Her 1998 exhibit of the geometrical, optically charged black-and-white paintings, like “Verticals” and “Untitled” (both from 1952) at El Museo del Barrio was an education to many. Art historian Juan Martinez, who teaches at Florida International University, admits that he first learned of her work from that show back in 1998.
In the closing reception for this exhibit, he will discuss abstraction in Cuban art in the middle years of the 20th century. In researching his book “Cuban Art and National Identity: The Vanguardia Painters, 1927-1950” (University Press of Florida), Martinez says he found no mention of Herrera among the many catalogs and gallery announcements he reviewed.

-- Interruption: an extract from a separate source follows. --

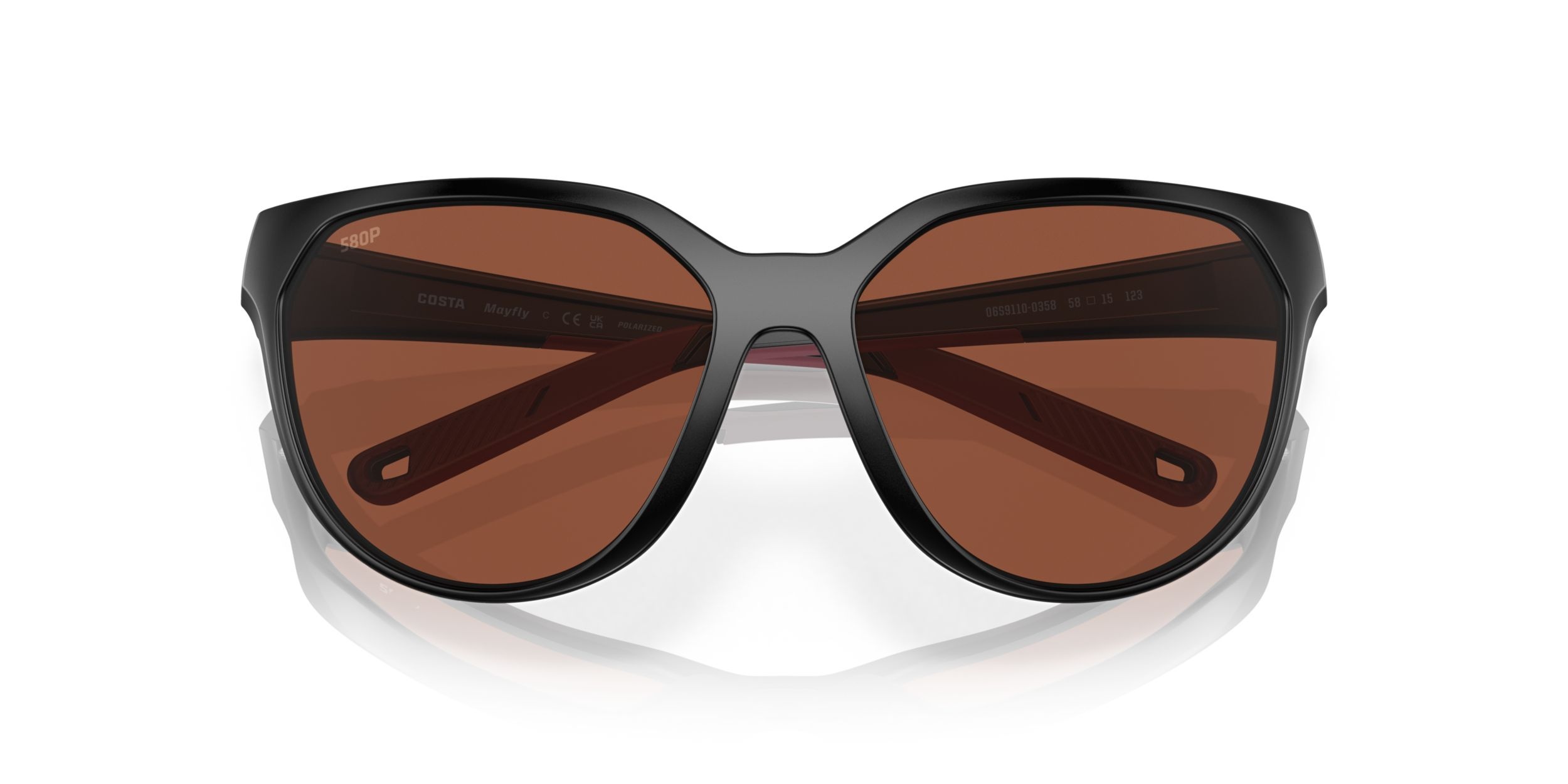 The Costa Polarized Mayfly 580P Sunglasses is a female, progressive hybrid design made from light weight durable bio-resin for sustainability. In a thybrid round-cateye deisgn, these Costa sunglasses offer double injected temples and vented adjustable nose pads produces a wide field of view. Complete with maximum light blockage, perfect for long days on the water.
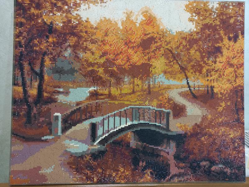 Картина стразами "Золота осень", ручная работа на учебнике, размер 50×40см

Born in Havana in 1915, Herrera was trained at the school of architecture at the University of Havana. The angular joints and open spaces of architecture are clearly part of her vision of abstraction, which quietly contrasts a sense of space that moves forward with one that recedes, but she also cites the painter and pioneering Modernist Amelia Peláez as an important influence.
From 1949 to 1952, she lived and worked in Paris. Annually she showed in Paris in the Salon des Réalitiés Nouvelles, considered the most important venue for reintroducing abstract art to an audience badly shaken by the horrors of World War II.
Paris was the busy place where, she says in the MAC documentary, “I found my way in painting.” There she encountered a book about luminous squares in the abstract painting of Josef Albers, the German-born artist who was one of the first of influential Bauhaus artists to move to the United States in the wake of the Nazis. After the luminous squares of Albers in Paris, there were the long, overlooked years in New York when Herrera continued to paint in “absolute silence, absolute quiet.”
International recognition finally came.